### Information provided ###

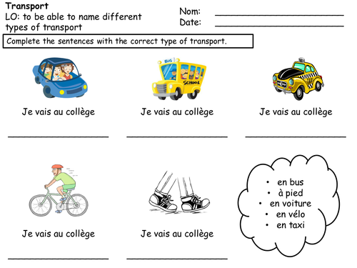 Transport worksheet (French) Teaching Resources
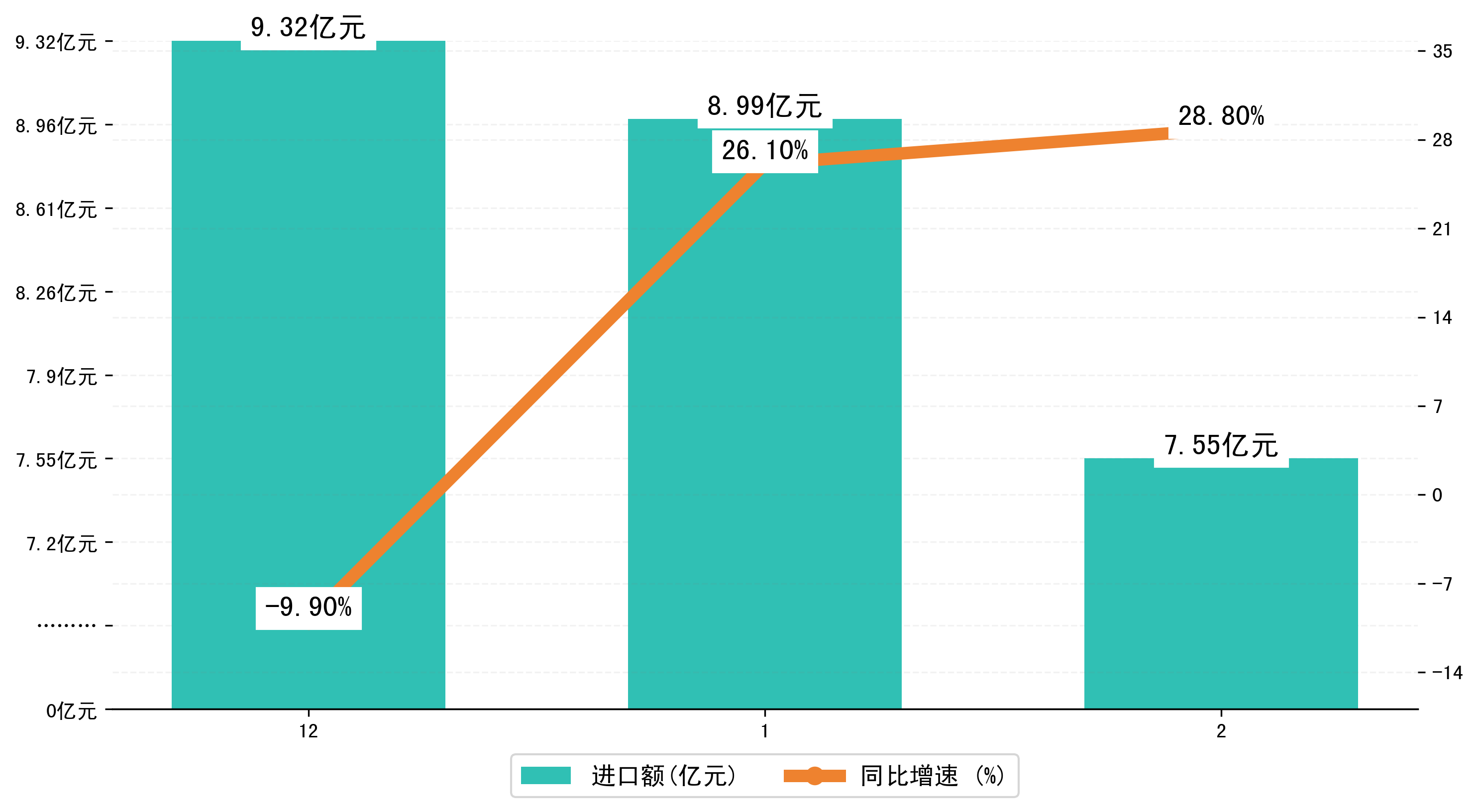 以人民币计,2025年1-2月满洲里市进口额为16,5365.4527万元,相比上年同期增加了3,7047.8281万元,同比增加了28.80%。
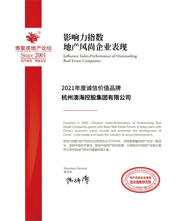 澳海集團(tuán)榮獲地產(chǎn)風(fēng)尚企業(yè)表現(xiàn)2021年度誠信價值品牌
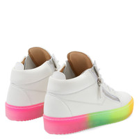 Product Details Mid-top sneakers crafted from white leather and patent leather with matching cotton laces, featuring a silver metal 'Signature' detail on the tongue and silver side zippers fastenings on the upper; a semitransparent, multicoloured rubber sole gives the design a perfect finish. White leather and white patent leather Silver metal 'Signature' detail White cotton laces Multicoloured semitransparent rubber sole with logo Made in Italy
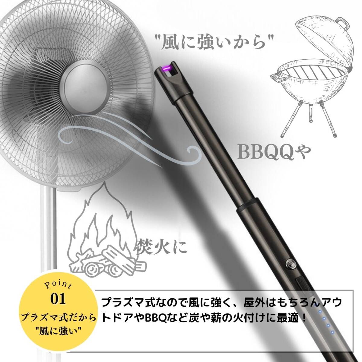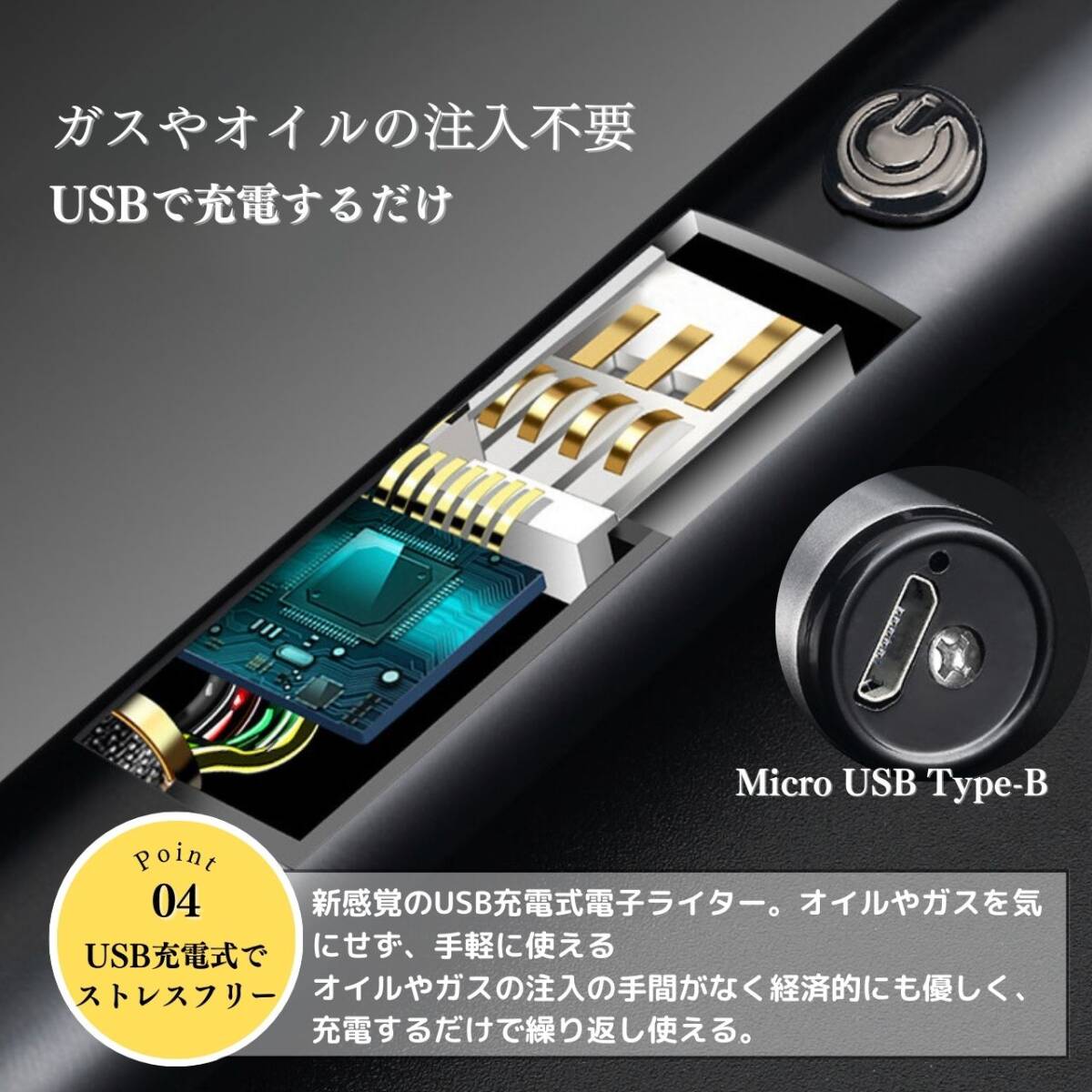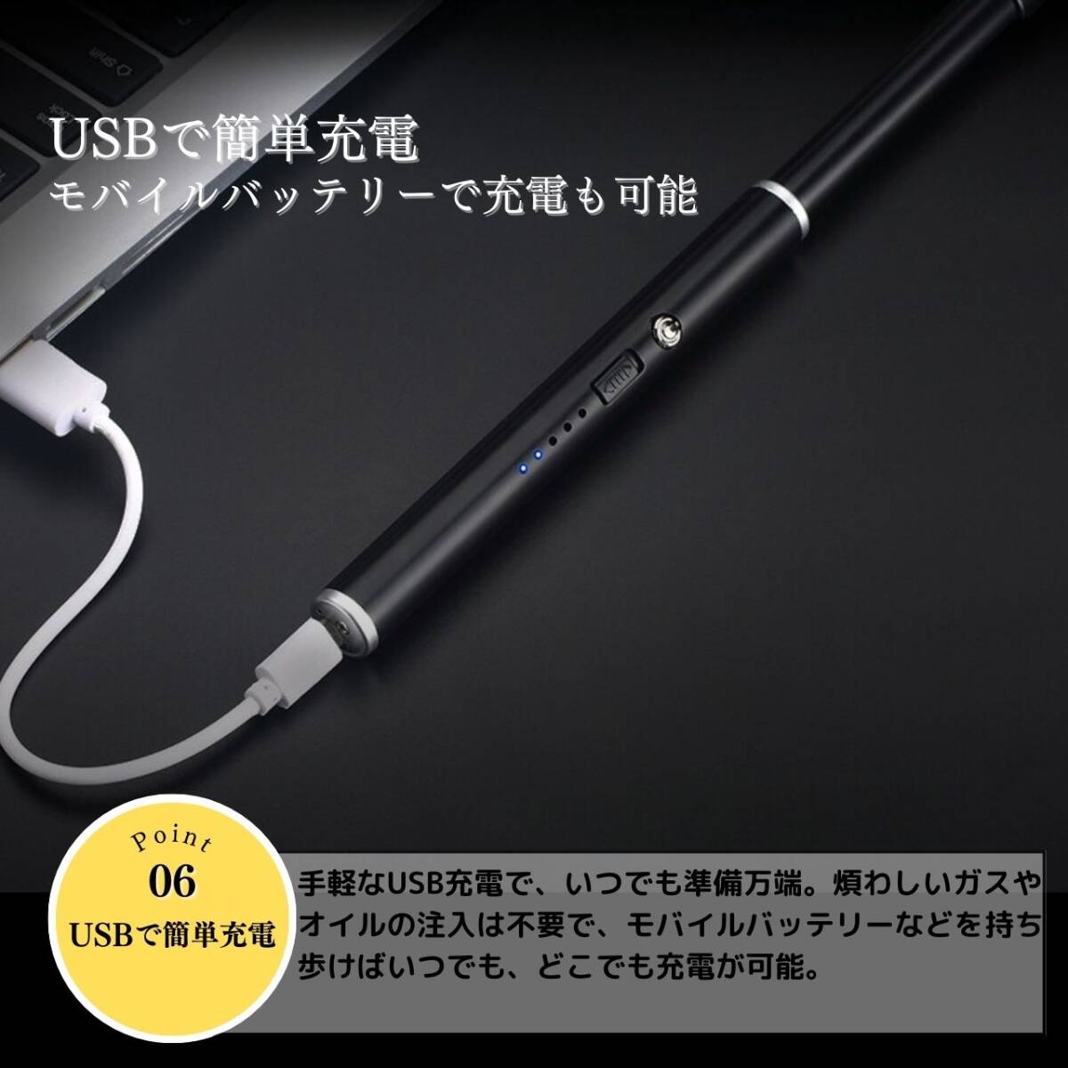 【カラー】タイトル、商品画像1枚目をご確認ください。【オイル・ガス不要で経済的】プラズマライターは電気を使用し、ガスやオイルの購入が不要なため経済的。手軽に入手できる電気を利用しています。【画期的な電撃着火】溶接などで使われるアーク放電によるプラズマを利用した画期的なライター。瞬時に着火して便利に使用できます。【風に強い炎がない着火方法】プラズマライターは炎が出ないため、風の影響を受けずにスマートに着火できます。アウトドアやレジャーにも最適です。【繰り返し使用可能なUSB充電】付属のUSBケーブルを使用して、自宅やオフィスのパソコンから手軽に充電できます。繰り返し使用が可能で、経済的で環境にも優しいです。【安全ロック機能付き】安全ロックをスライドさせて解除し、電源ボタンを押して電源を入れます。使用後は必ず安全ロックをロックしてください。【使用方法】☆電源スイッチの入れ方☆安全ロックをスライドさせ解除し、電源ボタンを押して電源を入れます。使用後は必ず安全ロックをロックしてください。☆充電方法☆付属のUSBケーブルを使用して、パソコンなどのUSBポートへ接続し充電を行ってください。本体の底面の接続口に差し込み充電します。電池残量は約20%ごとに点灯致します。プラズマライターは燃料を気にすることなく、電気を使って便利に着火できる画期的なアイテムです。経済的で風に強い着火方法をぜひお試しください。【注意事項】・海外製品のため多少の傷や汚れ等ある場合がございます。・送料の都合上箱なし簡易包装での発送となります。コメントなしでの即購入可能です。おまとめ買いでお値引きさせていただきます。お気軽にコメントください。BLACK ブラック 黒 SILVER シルバー 銀 アウトドア キャンプ 便利 簡単
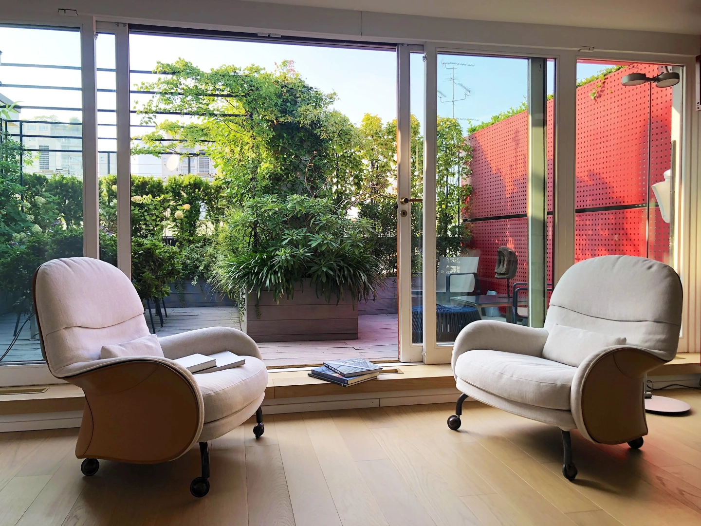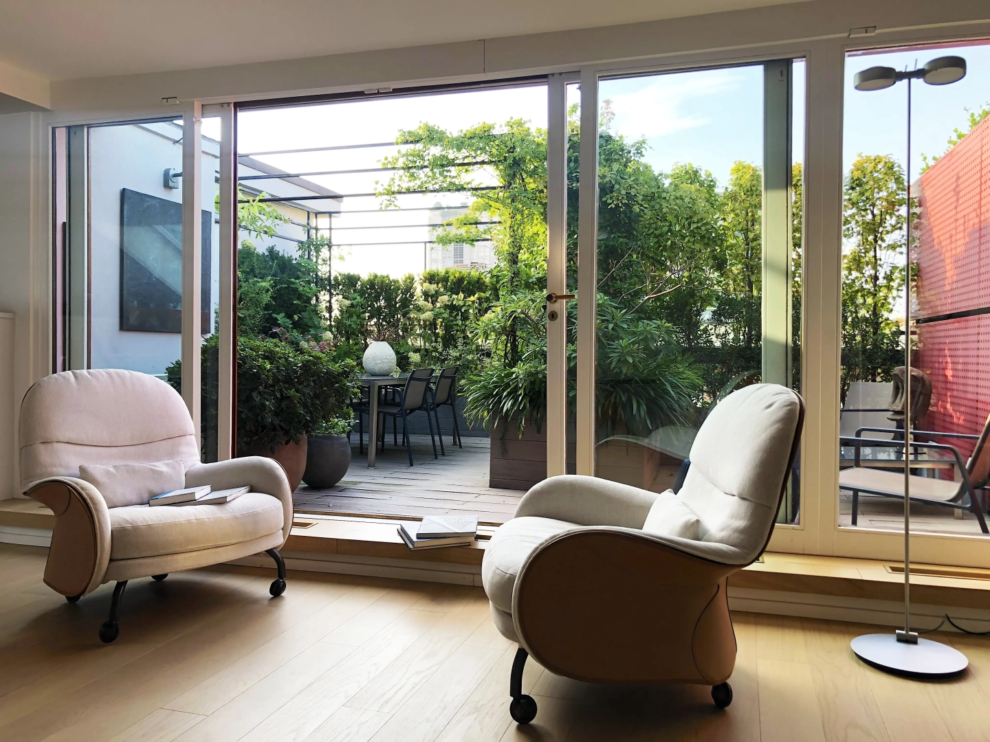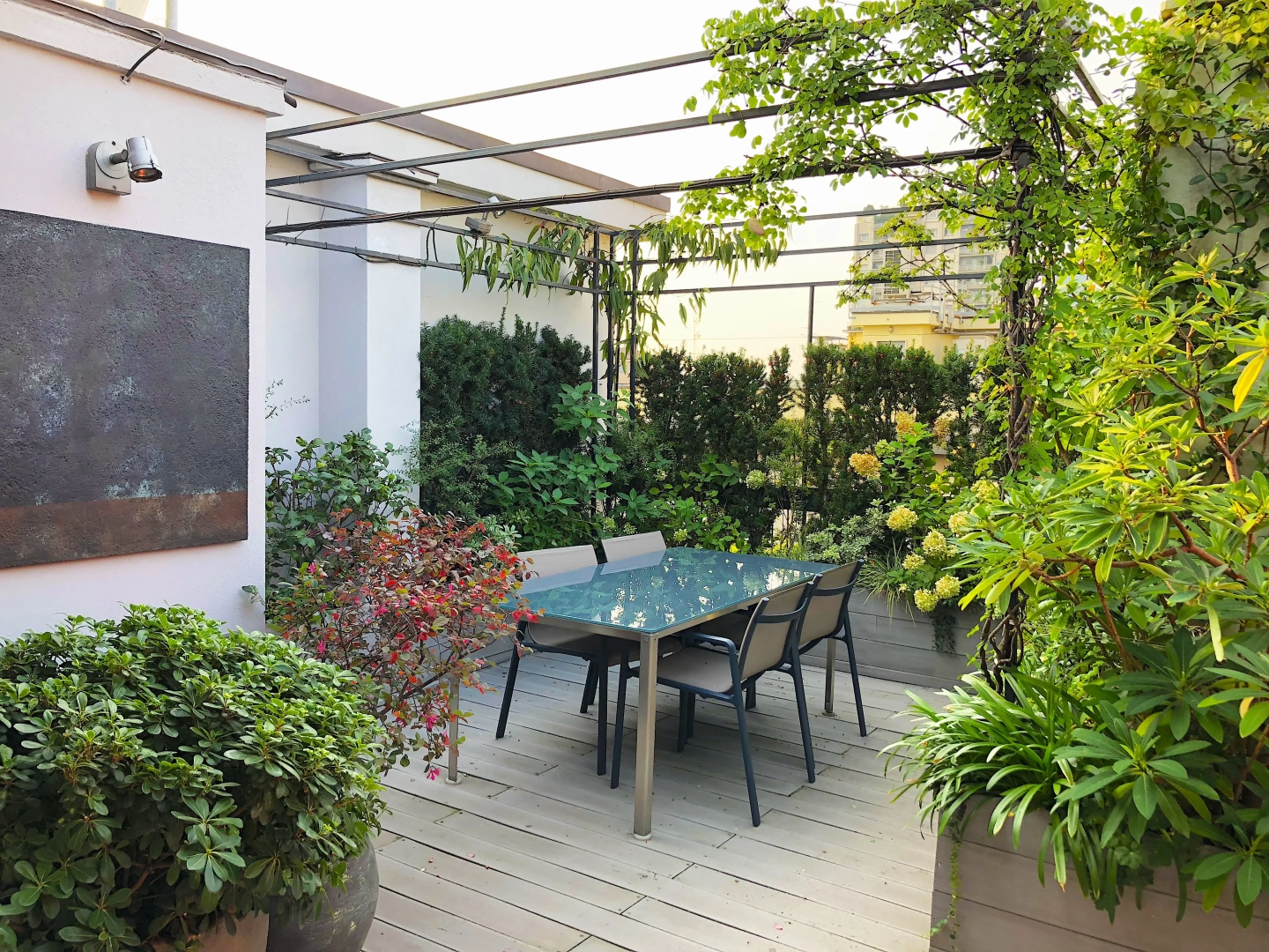 Un terrazzo rivisitato nell’impianto vegetale, come conseguenza della necessità di rinnovare l’impermeabilizzazione, di cui si è mantenuta la struttura preesistente, precedentemente progettata. Lo stile è stato reinterpretato dando accento alle geometrie: i tratti squadrati del pergolato sono riproposti nelle siepi di carpino e tasso, potate a parallelepipedo, ammorbidite dalle linee libere di ortensie dai bianchi e luminosi panicoli, e di spireee dalle foglie minute e leggere.

###

**Your objective:**
Hand back exactly the lines from the one with "Product Details Mid-top" through the last line of the data above, both ends included, with every picture left out.

**Written response:**
 Product Details Mid-top sneakers crafted from white leather and patent leather with matching cotton laces, featuring a silver metal 'Signature' detail on the tongue and silver side zippers fastenings on the upper; a semitransparent, multicoloured rubber sole gives the design a perfect finish. White leather and white patent leather Silver metal 'Signature' detail White cotton laces Multicoloured semitransparent rubber sole with logo Made in Italy
 【カラー】タイトル、商品画像1枚目をご確認ください。【オイル・ガス不要で経済的】プラズマライターは電気を使用し、ガスやオイルの購入が不要なため経済的。手軽に入手できる電気を利用しています。【画期的な電撃着火】溶接などで使われるアーク放電によるプラズマを利用した画期的なライター。瞬時に着火して便利に使用できます。【風に強い炎がない着火方法】プラズマライターは炎が出ないため、風の影響を受けずにスマートに着火できます。アウトドアやレジャーにも最適です。【繰り返し使用可能なUSB充電】付属のUSBケーブルを使用して、自宅やオフィスのパソコンから手軽に充電できます。繰り返し使用が可能で、経済的で環境にも優しいです。【安全ロック機能付き】安全ロックをスライドさせて解除し、電源ボタンを押して電源を入れます。使用後は必ず安全ロックをロックしてください。【使用方法】☆電源スイッチの入れ方☆安全ロックをスライドさせ解除し、電源ボタンを押して電源を入れます。使用後は必ず安全ロックをロックしてください。☆充電方法☆付属のUSBケーブルを使用して、パソコンなどのUSBポートへ接続し充電を行ってください。本体の底面の接続口に差し込み充電します。電池残量は約20%ごとに点灯致します。プラズマライターは燃料を気にすることなく、電気を使って便利に着火できる画期的なアイテムです。経済的で風に強い着火方法をぜひお試しください。【注意事項】・海外製品のため多少の傷や汚れ等ある場合がございます。・送料の都合上箱なし簡易包装での発送となります。コメントなしでの即購入可能です。おまとめ買いでお値引きさせていただきます。お気軽にコメントください。BLACK ブラック 黒 SILVER シルバー 銀 アウトドア キャンプ 便利 簡単
 Un terrazzo rivisitato nell’impianto vegetale, come conseguenza della necessità di rinnovare l’impermeabilizzazione, di cui si è mantenuta la struttura preesistente, precedentemente progettata. Lo stile è stato reinterpretato dando accento alle geometrie: i tratti squadrati del pergolato sono riproposti nelle siepi di carpino e tasso, potate a parallelepipedo, ammorbidite dalle linee libere di ortensie dai bianchi e luminosi panicoli, e di spireee dalle foglie minute e leggere.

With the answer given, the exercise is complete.